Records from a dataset
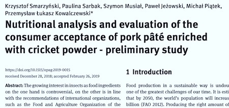 “Nutritional Analysis and Evaluation of the Consumer Acceptance of Pork Pâté Enriched with Cricket Powder – Preliminary Study,” Krzysztof Smarzyński, Paulina Sarbak, Szymon Musiał, Paweł Jeżowski, Michał Piątek, and Przemysław, and Łukasz Kowalczewski, Open Agriculture, vol. 4, no. 1, 2019.
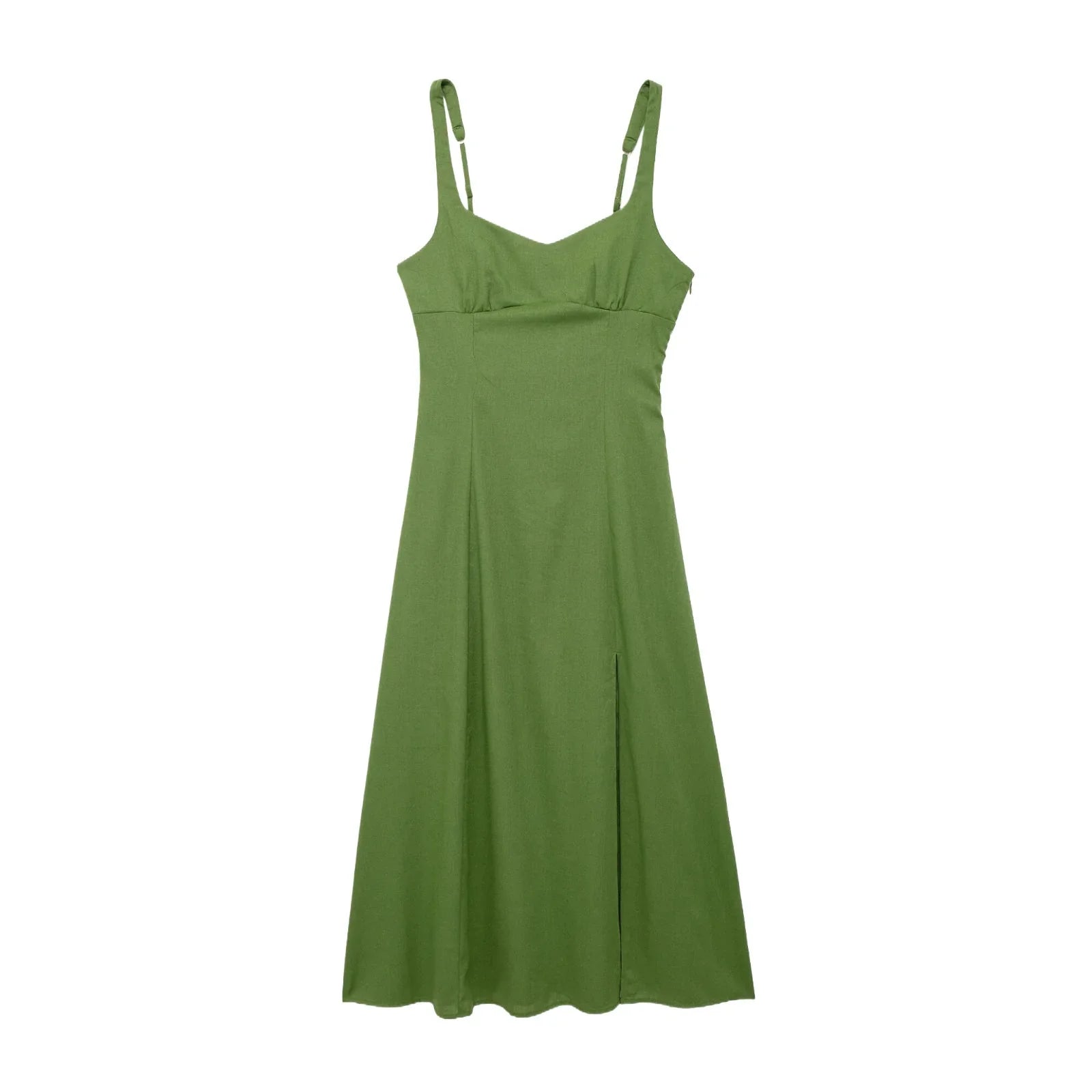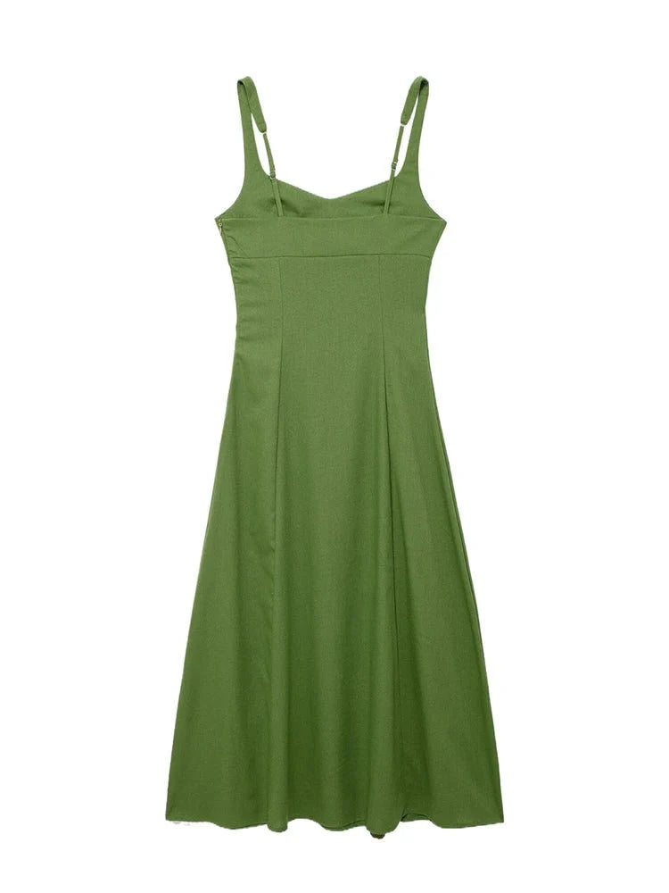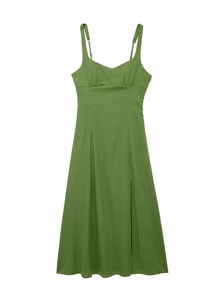 Univerzální letní šaty z lněného materiálu s nastavitelnými ramínky a stylovým rozparkem. Ideální pro teplé dny, ať už se chystáte na výlet nebo večer ven.
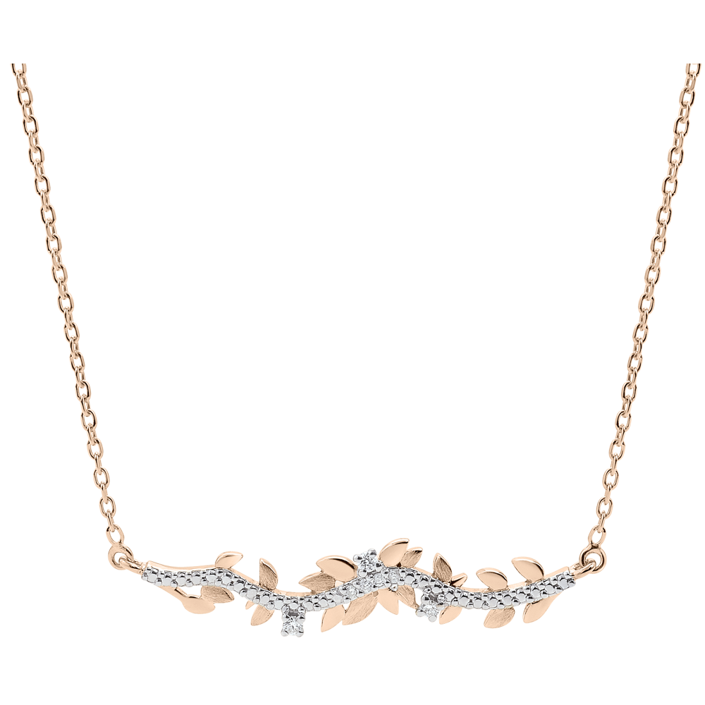 Un'alternanza di foglie brillanti d'oro rosa e di foglie d'oro spazzolato a mano per una collana romantica incastonata di 7 diamanti.
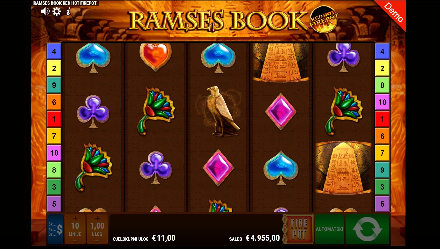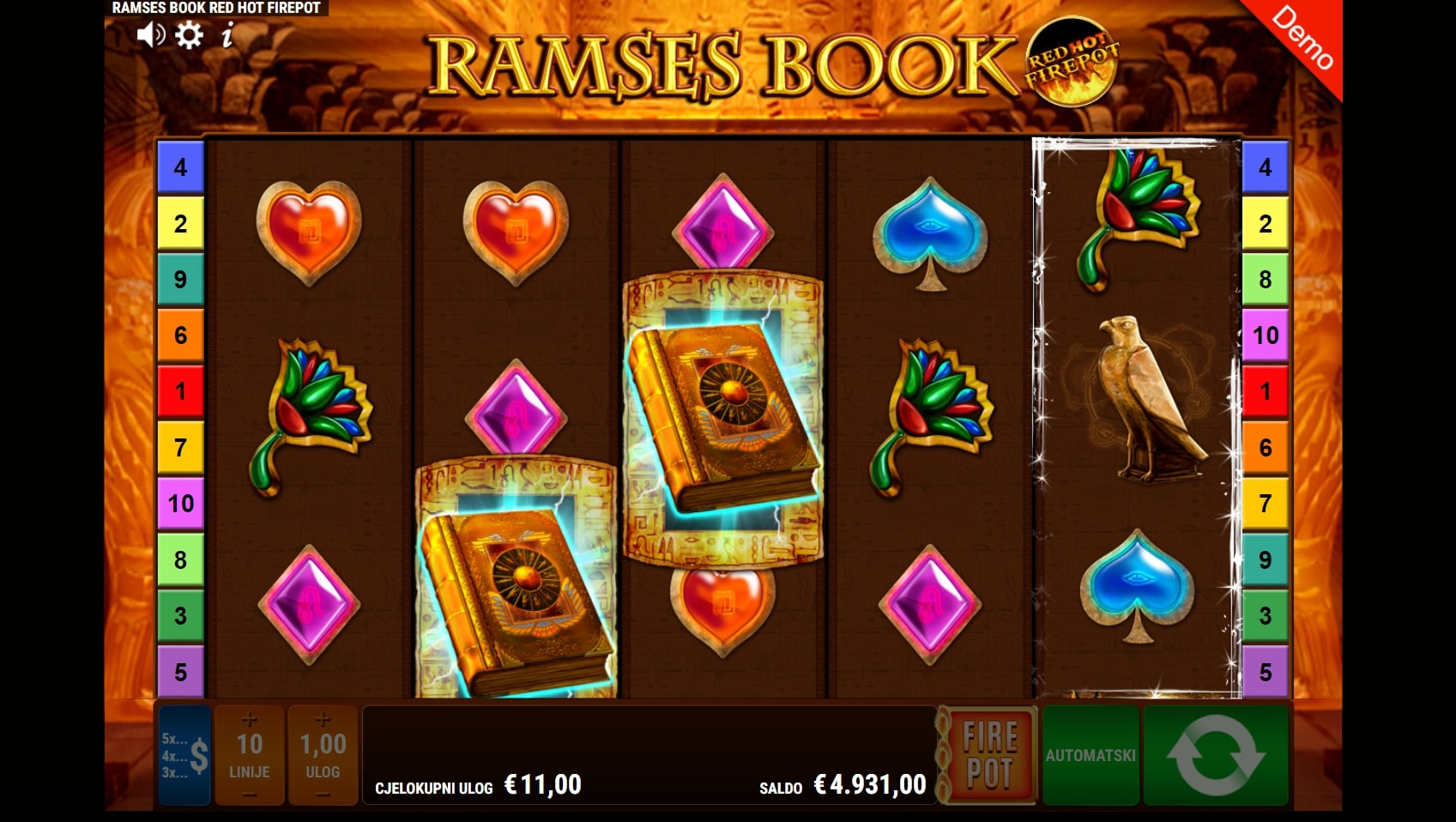 Ramses Book RHFP slot je igra povijesne tematike koja igrača vodi u nezaboravnu avanturu svijetom tajni drevnog Egipta. Igra je dio Ramses Book svemira igara, a tradicionalno najviše isplaćuju simboli faraona Ramzesa i relikata povezanih uz egipatsku mitologiju. Simbol knjige djeluje kao alfa i omega, a ono što igru čini posebnom je značajka Red Hot Firepot koja može aktivirati Jackpot igru svakim okretajem. Zaigraj Ramses Book RHFP te osvoji vrhunske nagrade!
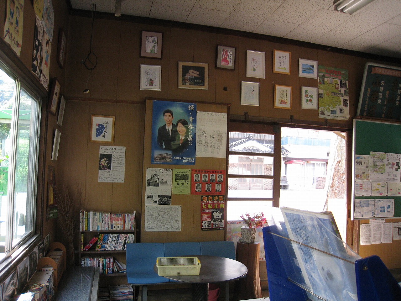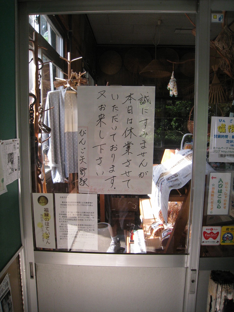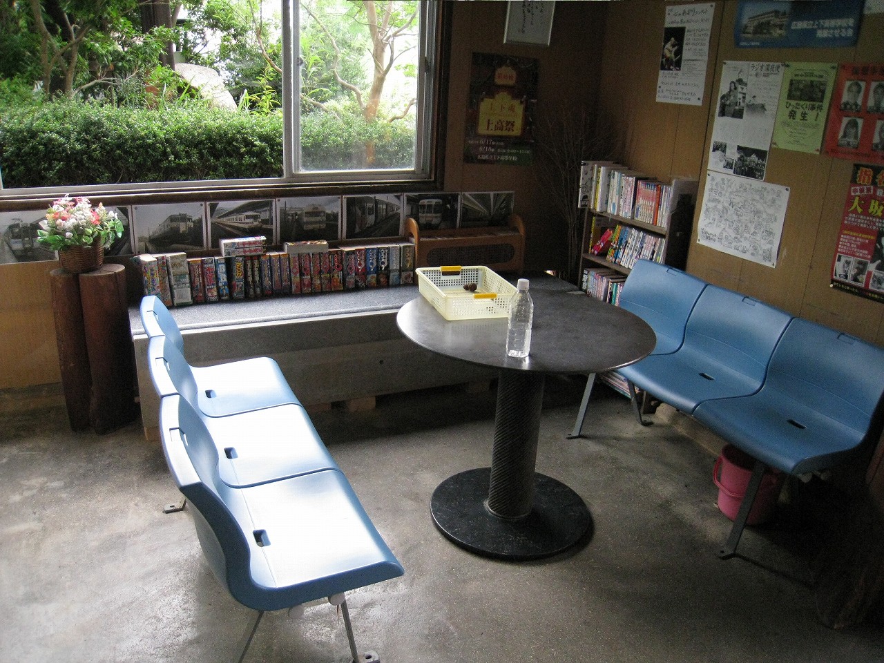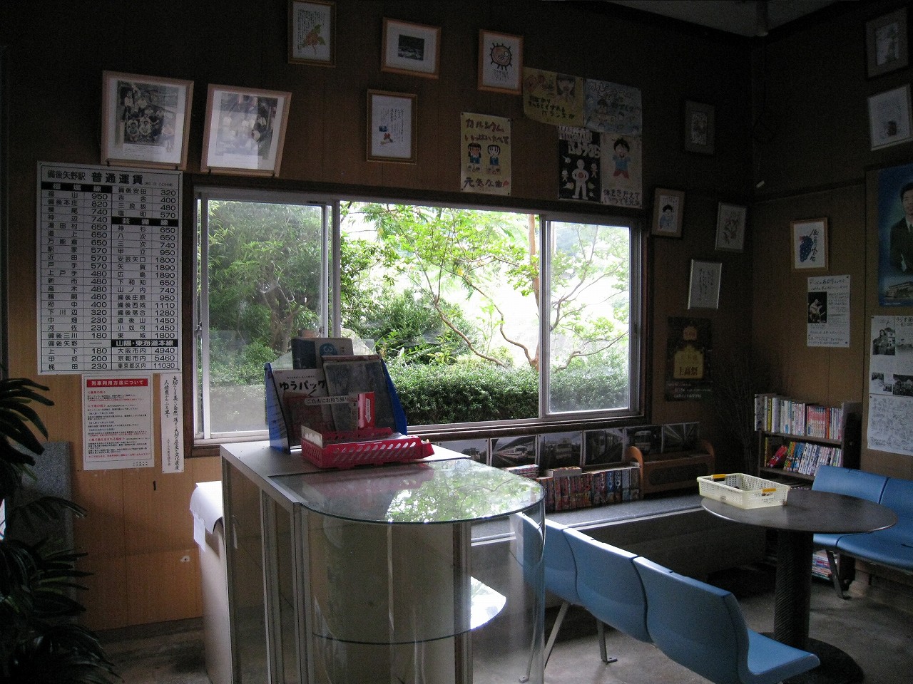 駅舎内は民芸品と額縁の嵐で、随分とおもしろい駅に来たなと。やはりこういう駅もないと駅旅は楽しくない。人形、彫刻、書籍、そして壁一面の手書きの詩画…お店の方はこのとき残念ながら臨時休業だった。もともとここでは20分くらいしか時間がなく、食べるのは無理だっただろう。車で来て、少し列車に乗るのもいいかもしれない。にしても、豚の丸焼きかラッコかわからない滑らかな自然木を見て、ほんと趣味全開で、気楽で親しみやすさを覚えた。きっと店主もおもしろい人なのだろう。

> **TASK DESCRIPTION**: Your task is to set down every entry exactly, leaving out any picture it contains.

> **EXERCISE ANSWER**:
 “Nutritional Analysis and Evaluation of the Consumer Acceptance of Pork Pâté Enriched with Cricket Powder – Preliminary Study,” Krzysztof Smarzyński, Paulina Sarbak, Szymon Musiał, Paweł Jeżowski, Michał Piątek, and Przemysław, and Łukasz Kowalczewski, Open Agriculture, vol. 4, no. 1, 2019.
 Univerzální letní šaty z lněného materiálu s nastavitelnými ramínky a stylovým rozparkem. Ideální pro teplé dny, ať už se chystáte na výlet nebo večer ven.
 Un'alternanza di foglie brillanti d'oro rosa e di foglie d'oro spazzolato a mano per una collana romantica incastonata di 7 diamanti.
 Ramses Book RHFP slot je igra povijesne tematike koja igrača vodi u nezaboravnu avanturu svijetom tajni drevnog Egipta. Igra je dio Ramses Book svemira igara, a tradicionalno najviše isplaćuju simboli faraona Ramzesa i relikata povezanih uz egipatsku mitologiju. Simbol knjige djeluje kao alfa i omega, a ono što igru čini posebnom je značajka Red Hot Firepot koja može aktivirati Jackpot igru svakim okretajem. Zaigraj Ramses Book RHFP te osvoji vrhunske nagrade!
 駅舎内は民芸品と額縁の嵐で、随分とおもしろい駅に来たなと。やはりこういう駅もないと駅旅は楽しくない。人形、彫刻、書籍、そして壁一面の手書きの詩画…お店の方はこのとき残念ながら臨時休業だった。もともとここでは20分くらいしか時間がなく、食べるのは無理だっただろう。車で来て、少し列車に乗るのもいいかもしれない。にしても、豚の丸焼きかラッコかわからない滑らかな自然木を見て、ほんと趣味全開で、気楽で親しみやすさを覚えた。きっと店主もおもしろい人なのだろう。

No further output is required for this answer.